A Marine veteran has written a children’s book to help kids with the challenges of a parent being deployed.

The book, titled “I Will Come Back,” will be released in May in both Spanish and English.

Author and veteran Padgy Soltis wrote the story based on her son’s experience of living in a dual military family and experiencing the deployment of both parents.

“My hope is that this book will help children experiencing issues with separation from a loved one, whether it is a day or months long,” Soltis said. “It is a reminder that they are always in our hearts regardless of the distance or time.”

Soltis originally wrote the book in 2016, when she began a new career months after her son was born. The author was sent away for two months for training when her son was only eight months old.

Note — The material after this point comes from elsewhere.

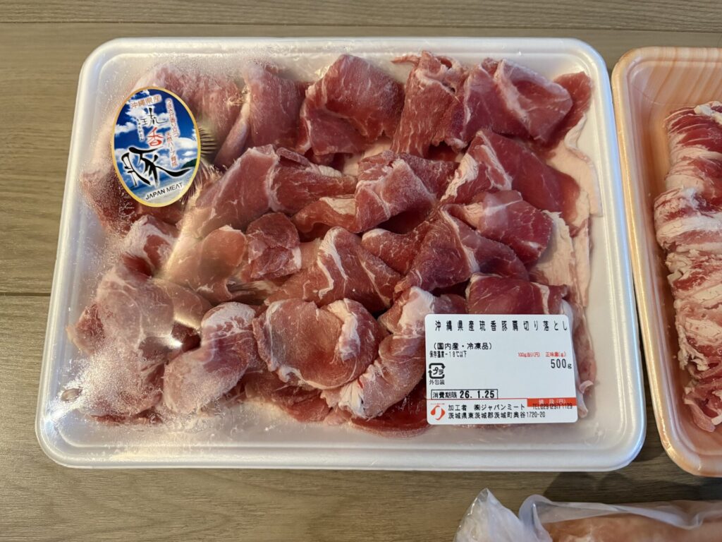 沖縄琉香豚のバラ肉薄切と切落しは、各々500gとなっています。

Then in 2017, her son’s dad was deployed for six months, a departure that was followed by a nine-month deployment in 2018 for Soltis.

“The most difficult moments between a child and parent are times of separation,” the book’s synopsis reads. “This book is the light at the end of the tunnel when being apart is inevitable. Whether it is making a trip to the grocery store, a weekend away for work, or a nine-month military deployment. ‘I Will Come Back’ reminds children and parents that regardless of the time and distance they may be apart, they will be reunited once again.”

Soltis’ book, originally a poem that helped her adjust to deployed life without her son, is “written in a simple, rhythmic style, [and] it gives kids a reassuring sense that the bond of parenthood and love knows no limits,” Soltis said.